KANSAS CITY, Mo. -- The three wins to start the season were nice, a little confidence boost for when the schedule got a little tougher.
Beating Florida? That gives Syracuse a good indication of where it really stands.
"It was a big statement game coming against a ranked team," Flynn said. "We came out with a big 'W' on the road."
Syracuse (4-0) opened the season with easy wins over Le Moyne, Richmond and Oakland, shooting over 50 percent while scoring over 82 points a game. The Orange had similar success against a much more formidable opponent, picking apart Florida's zone with dribble drives and spot-up shooting from the perimeter.
Syracuse shot 51 percent from the field and had 19 assists on 31 field goals, taking control with a big run early in the second half. Andy Rautins hit five 3-pointers and had 15 points -- all in the first half -- Arinze Onuaku added 13 points and 12 rebounds, and Kris Joseph had 10 points for the Orange.

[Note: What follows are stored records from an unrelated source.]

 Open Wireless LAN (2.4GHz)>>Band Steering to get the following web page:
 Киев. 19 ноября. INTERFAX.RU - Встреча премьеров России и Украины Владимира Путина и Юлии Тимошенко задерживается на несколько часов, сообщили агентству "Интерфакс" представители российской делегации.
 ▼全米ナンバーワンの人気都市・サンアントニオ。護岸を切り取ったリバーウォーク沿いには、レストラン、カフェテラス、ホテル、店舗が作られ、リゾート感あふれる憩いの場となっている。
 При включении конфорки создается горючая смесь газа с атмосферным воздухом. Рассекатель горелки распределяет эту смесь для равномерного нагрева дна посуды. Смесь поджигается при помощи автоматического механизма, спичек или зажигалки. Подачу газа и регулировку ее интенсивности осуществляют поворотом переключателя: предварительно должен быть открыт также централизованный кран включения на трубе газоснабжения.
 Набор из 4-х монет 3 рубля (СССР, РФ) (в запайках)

Syracuse will face Kansas (No. 23 ESPN/USA Today, No. 22 AP), a 73-54 winner over Washington, on Tuesday night in the championship game of a tournament that features four of the last six NCAA champions.
"An early season game, both teams are to make some mistakes," said Syracuse coach Jim Boeheim, who won his 775th career game. "I thought we make some crazy unforced errors, but we made good plays when we had to."

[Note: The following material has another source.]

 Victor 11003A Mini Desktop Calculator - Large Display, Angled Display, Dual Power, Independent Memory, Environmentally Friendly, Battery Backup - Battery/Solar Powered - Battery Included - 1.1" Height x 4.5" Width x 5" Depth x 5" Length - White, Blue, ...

The Gators made defense a priority in the offseason after finishing near the bottom of the Southeastern Conference in several categories. Florida defended well in its first three games this season, forcing 23 turnovers a game, holding each opponent under 60 points.

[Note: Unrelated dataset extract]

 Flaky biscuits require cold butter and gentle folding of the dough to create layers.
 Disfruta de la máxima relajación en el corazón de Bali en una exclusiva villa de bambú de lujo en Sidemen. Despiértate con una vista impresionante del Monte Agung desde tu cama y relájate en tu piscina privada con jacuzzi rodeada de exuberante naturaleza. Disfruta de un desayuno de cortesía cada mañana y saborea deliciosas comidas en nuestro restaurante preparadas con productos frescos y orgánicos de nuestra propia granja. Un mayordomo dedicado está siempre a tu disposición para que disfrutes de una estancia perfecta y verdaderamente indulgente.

But after beating up on Toledo, Bradley and Southern Utah, the Gators had a little more trouble with the bigger, faster Orange.
Syracuse repeatedly beat Florida off the dribble, penetrating the lane for easy lay-ups or kickouts to shooters at the 3-point line. After using defense to get away with a poor shooting night against Southern Utah, the Gators couldn't find a way to stop Syracuse."
"We scored 64 points against Southern Utah, but we held them to 50," Florida coach Billy Donovan said. "I know Southern Utah talent level isn't at where Syracuse is, but I think when you start to start playing the type of teams like Syracuse, it's very difficult to expect to try to win giving up 89 points."
The Orange had 11 assists on 16 field goals in the first half, more half of those coming on dribble penetrations by Harris, Flynn and Eric Devendorf.
Onuaku had a pair of dunks on drive-and-dishes and Joseph had a couple of easy baskets inside to help Syracuse take command early.
Rautins took it from there, doing most of his damage by spotting up along the arc.
Syracuse's best perimeter shooter had yet to find his stroke this season, scoring 20 total points on 6-of-24 shooting, including 4-for-20 on 3-pointers. He came out firing against Florida, hitting five 3-pointers in the first half despite Florida's coaches repeatedly yelling "shooter!" each time he touched the ball.
"I think it all started with Andy Rautins," Harris said. "He came out on fire."
Rautins couldn't keep it going in the second half, though, finishing 5-for-9 from the 3-point line.
It didn't matter the way the Orange were shooting.
Syracuse was 16-for-32 in the first half and even better in the second, using a 10-2 run early in the second half to go up 56-44. Florida made a few short runs, but couldn't get closer than four.
"We've been a team that even last year that when we're shooting the ball well, we're a really good team," Donovan said. "And tonight, I don't think it was a problem with the offense -- we scored 83 points and we shot 30 percent from the 3-point point line (7-for-23). It's giving up the 89 points."